By 1892, with Des Moines at the peak of its business activity for the early period, the following establishments conducted business:

  • J. G. Ely grocery
  • Young Brothers General Store
  • William H. Martin boat builder
  • E. J. Martin hotel
  • The Finnell Brothers and Joseph Sparling sold real estate
  • S. B. Vrooman notarized real estate deeds
  • William Vann Gaskin operated a sawmill at the mouth of Des Moines Creek that employed about 15 men
  • James Markwell ran a roof shingle bold mill that employed 25 men
  • North of town, Mr. Cooper operated a black gunpowder manufacturing plant established in 1889

Before the end of 1890, the post office moved across the street to the home of the new postmaster, William H. Bailey. Apparently Bailey was blind, and had an assistant sort the mail for him. On March 7, 1892, Miss Nettie Finnell became the new postmaster. She moved the post office to her house on Grand Avenue (future 6th Avenue S, just north of S 225th Street). She continued in this position through two marriages until 1910.

Initially, the post office delivered mail to Des Moines via steamer from Tacoma. By 1893 or 1894, the mail arrived overland from Tacoma. Two or three times a week, a rider on horseback crossed the Tacoma tideflats and followed the old military road to drop the mailbag off at Des Moines. He continued on his route to Buenna, Adelaide, and Steele's Landing before returning to Tacoma. By the late 1890s, the postal department had reestablished steamship delivery along the Tacoma-Seattle route.

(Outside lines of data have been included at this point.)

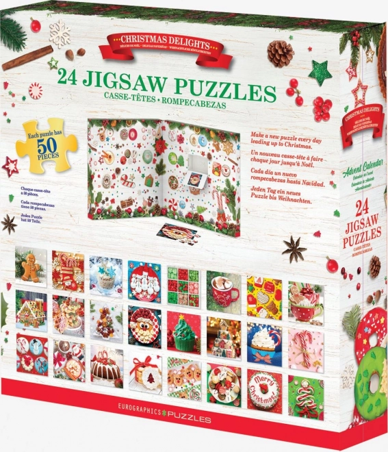 Ce calendrier de l’Avent EUROGRAPHICS apporte de la joie à chaque jour de décembre. Derrière les 24 fenêtres se cachent 24 puzzles différents, chacun avec 50 pièces et un joli motif de Noël. Les images sont carrées et, une fois assemblées, mesurent environ 12,5 × 12,5 cm. Un modèle est inclus dans chaque fenêtre pour faciliter l’assemblage et le dos de l’emballage présente l’aperçu de tous les motifs.
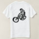 En moder på en MTB-cykel i nedförsbacke. Jag har ritat det här med vitt och svart. Ryttaren är utriven i hjälm och med stoppade redskap.
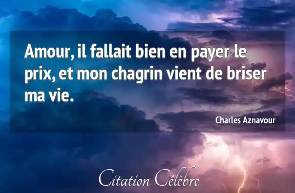Amour, il fallait bien en payer le prix, et mon chagrin vient de briser ma vie.
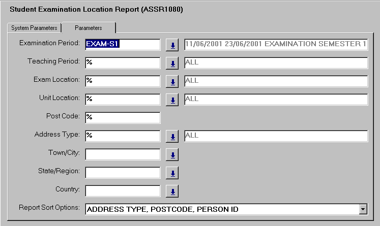 used address type is used. There are several sort combinations that can be selected from the LOV. |
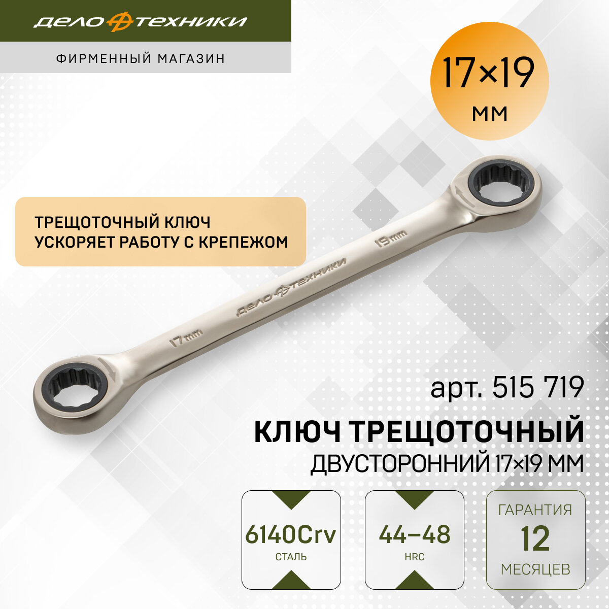 Ключ трещоточный двусторонний 17 × 19 мм, Дело Техники, 515719 интересное:

In 1893, when a depression hit the nation, the booming town imploded. Businesses moved or went bankrupt. The Markell mill and the Young Brothers store were probably the only businesses to survive into the twentieth century. In 1900, despite the 1897 gold rush that lifted Seattle out of the doldrums, Des Moines had lost more than 20 percent of its 1890 population. The developer's plans for a large residential area lay fallow for decades.


Sources:

Guy Reed Ramsey, "Postmarked Washington, 1850-1960," Microfilm (Olympia: Washington State Library, February, 1966), 618-620; One Hundred Years of the "Waterland" Community: A History of Des Moines, Washington ed. by Richard T. Kennedy (Des Moines, WA: City of Des Moines, 1989), 15, 16, 18, 19, 53; R. L. Polk & Co., Oregon, Washington and Idaho Gazetteer and Business Directory No. 5, 1891-92 (Portland: R. L. Polk & Co., 1892), 767; R. L. Polk & Co., Oregon, Washington and Alaska Gazetteer and Business Directory 1901-1902 (Portland: R. L. Polk & Co., 1901), 482.